Requirements for BI
For an organization to become as smart and agile as possible, the process of transforming data into information and knowledge should take as little time as possible and should run with minimal interruptions and errors. An Intelligent Organization will therefore also have to take into account a number of generic requirements that we impose on both consuming information and the Business Intelligence tools. We present you here the top 5 requirements for Business Intelligence.
1. Reliability of data and calculations
The reliability of information largely depends on the quality of the underlying data and more specifically on the accuracy of the calculations that are stored in the Business Intelligence system. If those are accurate, we may assume that the information is correct too. The phenomenon of internal duplicates is a good example of such problems with data quality: details for one and the same customer, for instance, have been registered in the source system more than once with slightly different spelling.
When we start using Business Intelligence such duplicates will come to surface – it might take a while before the actual scope of the problem becomes visible – and can then be removed from the source system.
2. Preventing errors
We should also take into account the errors people tend to make while interpreting and internalising data and information. Business Intelligence tools can ease this pain in several ways (Isenberg, 1984; Van Beek, 1999) for instance through showing the same information from different angles or perspectives, or by designing the system in such a way that searching for ‘proof to the contrary’ is encouraged. Furthermore, Business Intelligence often provides an integral picture of business operations and indicators are interrelated.
By enabling the system to include those interconnected key performance indicators in a single report, users can immediately check whether these relations are correct, for example through combining market share figures with their own sales figures and with information on sales figures of competitors. Through imposing strict requirements on the quality, actuality, tempo, coherence and visualization of data, Business Intelligence contributes to preventing errors in other areas as well.
Above all this, people should be aware of the potential errors they can make and therefore should proactively revise, reassess and check information in order to create (more) reliable information and better knowledge.

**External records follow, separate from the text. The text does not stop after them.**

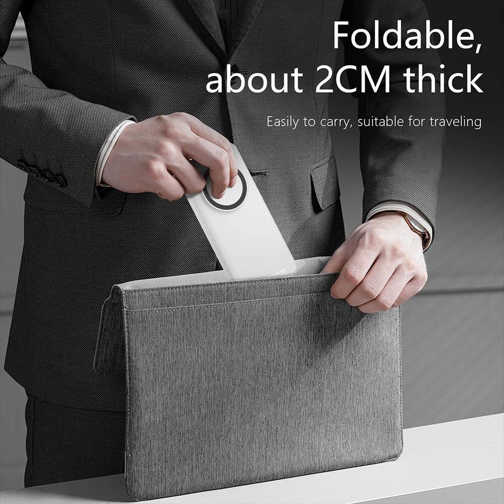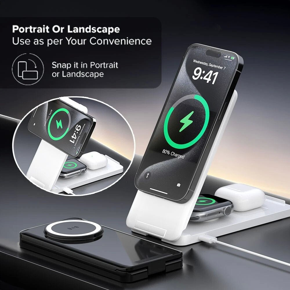 • Portable and Foldable: Measuring only 1.15 inches in thickness when folded and weighing just 0.7 lbs, this charging station is as compact as your phone. It takes up minimal space in your backpack, making it an ideal companion for vacations and business trips. No need to carry multiple chargers anymore - this 3-in-1 wireless charger meets all your charging needs.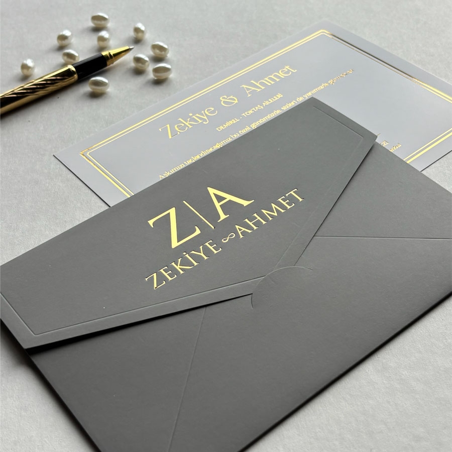Yatay Dikdörtgen Gri Zarf Gold İç Kart Yaldızlı Davetiye - 601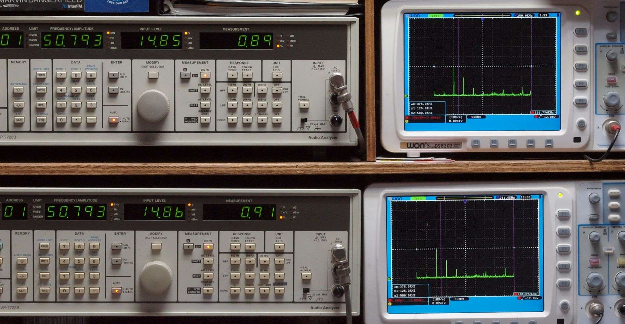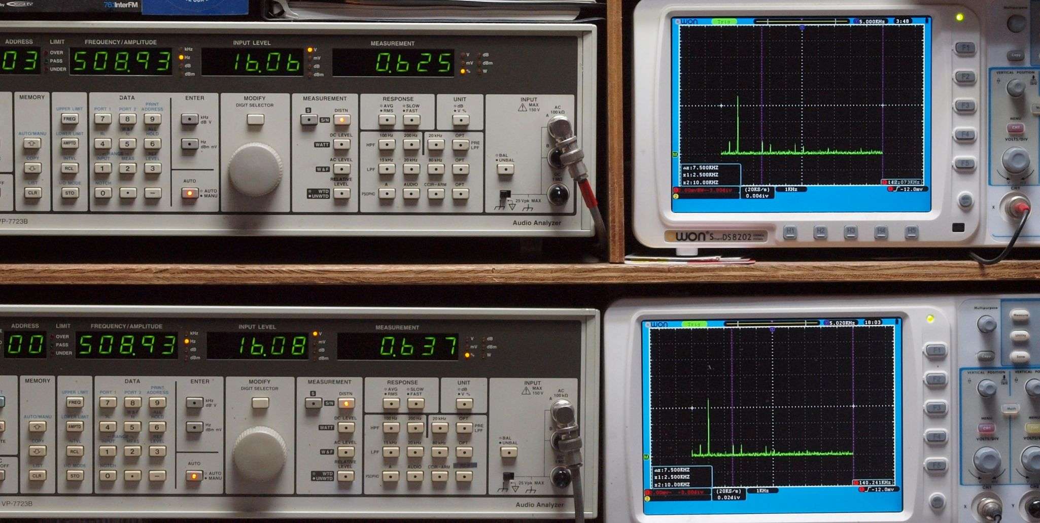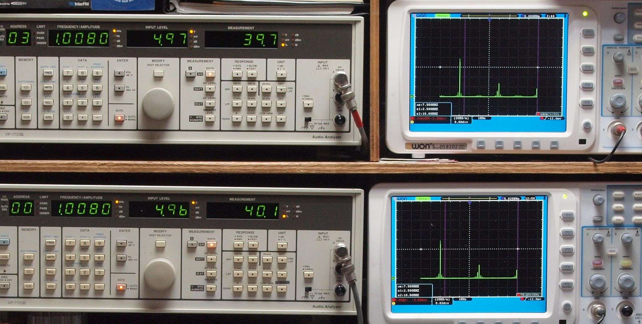 | E. 測定・調整 E1. 出力・歪み率測定・調整 「見方」。 上段中 右側SP出力を「Audio Analyzer Panasonic VP−7723B」により測定。 表示LED、 左端=メモリーNo、 中左=周波数測定、 中右=出力電圧測定、 右端=歪み率測定。 上段右端 VP−7723Bの基本波除去出力を「owon SDS8202(200MHZ)」で「FFT分析」表示。 下段中 左側SP出力を「Audio Analyzer Panasonic VP−7723B」により測定。 表示LED、 左端=メモリーNo、 中左=周波数測定、 中右=出力電圧測定、 右端=歪み率測定。 下段右端 VP−7723Bの基本波除去出力を「owon SDS6062(200MHZ)」で「FFT分析」表示。 下段左端 オーディオ発振器 VP−7201A より50Hz〜100kHzの信号を出し(歪み率=約0.003%)、ATT+分配器を通し、AMPに入力。 よって、ダイアル設定出力レベルより低くなります。測定機器の仕様や整備の様子はこちら、「VP−7723B」「VP−7201A」。 FFT画面の見方はこちら。 |
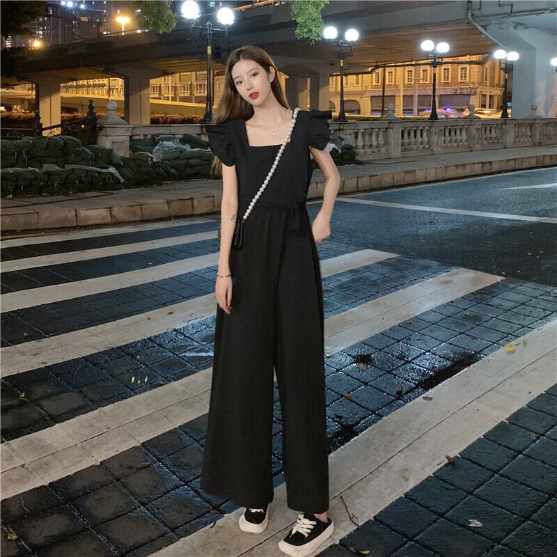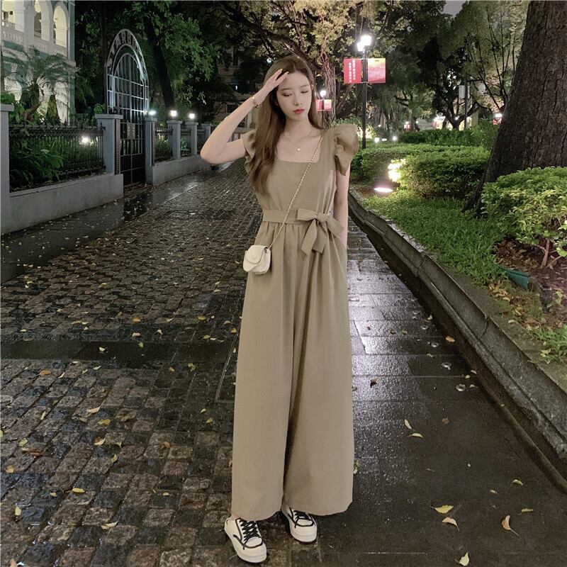 ボトムス ワンピース オールインワン ワイドパンツ ロング 袖なし ノースリーブ フレアスリーブ 萌袖 スクエアネック 襟なし ワイド フリル リボン ウエストリボン ハイウエスト かわいい きれいめ シンプル カジュアル 大人 おしゃれ かっこいい 大人可愛い クール 無地 春 夏 秋 冬 オールシーズン 誕生日 ハロウィン クリスマス 10代 20代 30代 レディース ママ 通学 デート お出かけ パーティー イベント 旅行 普段使い お揃い 韓国 楽ちん 脚長 サイズ S M ブラック カーキ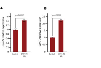 Quantitative PCR was carried out using TaqMan mRNA or SYBR Green mRNA assays with a 7500 Real-Time PCR System (Applied Biosystems/Life Technologies), in accordance with the manufacturer’s protocols. SDS1.2.3 software (Applied Biosystems) was used for comparative Ct analysis, with 18S rRNA serving as the endogenous control. Primers for SYBR qPCR were as follows: SPRY4-IT1 qPCR For, gctgagctggtggttgaaaggaatc; SPRY4-IT1 qPCR Rev, gcttggcccacgatgacttgg; SPRY4 Exon 1 qPCR For, ggcagtggttgcaacatcgccg; SPRY4 Exon 1 qPCR Rev, tagccgccgctgtactcgcagac; LPIN2 qPCR For, cgtctaagcagcccttctatgctgc; LPIN2 qPCR Rev, acatgctccacgagctcactcagc; LPIN1 qPCR For, ggagagctggtacaggaacatgcaaag; LPIN1 qPCR Rev, gcagtggctctctccaaaaggtgaag; GPAT3 qPCR For, caaggaggcctgactgaacttccc; GPAT3 qPCR Rev, ccgtcctcttagctgagagatccattg; DGAT1 qPCR For, caacaaggacggagacgccgg; DGAT1 qPCR Rev, gatgccacggtagttgctgaagcc; DGAT2 qPCR For, ctgcactgattgctggctcatcg; and DGAT2 qPCR Rev, gaaagtagcgccacacagcccag.

3. Actuality and refresh rate of information
Stakeholders can be ‘on top of’ information if its refresh rate is optimal. Both Business Intelligence and learning processes work most efficiently when the time span between the action itself and measuring its performance as well as adjusting the action is as short as possible (Den Hertog and Huizinga, 2000). This principle is more effective if feedback about their performance is directly addressed to the employees – and Business Intelligence facilitates this – instead of via executives.
To avoid unpleasant surprises, the refresh rate and timing of reports must match the frequency and duration of activities within the business processes. An organization, which handles hundreds of orders per hour, does well to refresh sales reports on a daily basis (or even more frequent) and to display these daily or even hourly. However, there is no need for an account manager who visits four or five customers per week on average, to monitor the number of visits daily.
4. Fast response times of Business Intelligence tools
The Business Intelligence tools must ensure that information is quickly and timely available to processors within the organization. The system’s response time is of particular importance for managers since they often have little time and like action and liveliness. Three particular actions are associated with the requirement of rapidly retrievable information: finding the report, finding information, and interpreting information.
We leave out the phenomenon of interactive analysis (OLAP) whereby users can browse through data and casually surf the data ocean even though for these activities a rapid response time is often a necessity. A report that contains the required information should be able to show that information within 2 to 3 seconds after its been clicked on, but that specific BI reports first needs to be located. Once the report has been read, it has to be interpreted.
5. Storing information
In some cases, information is not immediately ‘actionable’ because an organization perhaps needs some additional information to be able to make a proper decision. If this is the case, the organization should be equipped with a memory in which they can temporarily store the information so that later, when the additional information is received, the decision can be taken rapidly.
In many organizations, the explicit storage and sharing of (newly formed) knowledge for clear decision-making is not common practice yet. What we do see is (too) many static dashboards and reports that offer hardly any (if any) options to attach a story to the information. This is a missed opportunity because the story behind the figures is often much more interesting than the figures themselves.
Business Intelligence can facilitate this aspect by temporarily storing information, which indicates a certain problem but still awaits additional information, in specifically designed place within the Business Intelligence system. For this to be effective it is wise to create an option on the dashboard which allows for placing notes and doodles with the relevant indicator and so create an action and decision log.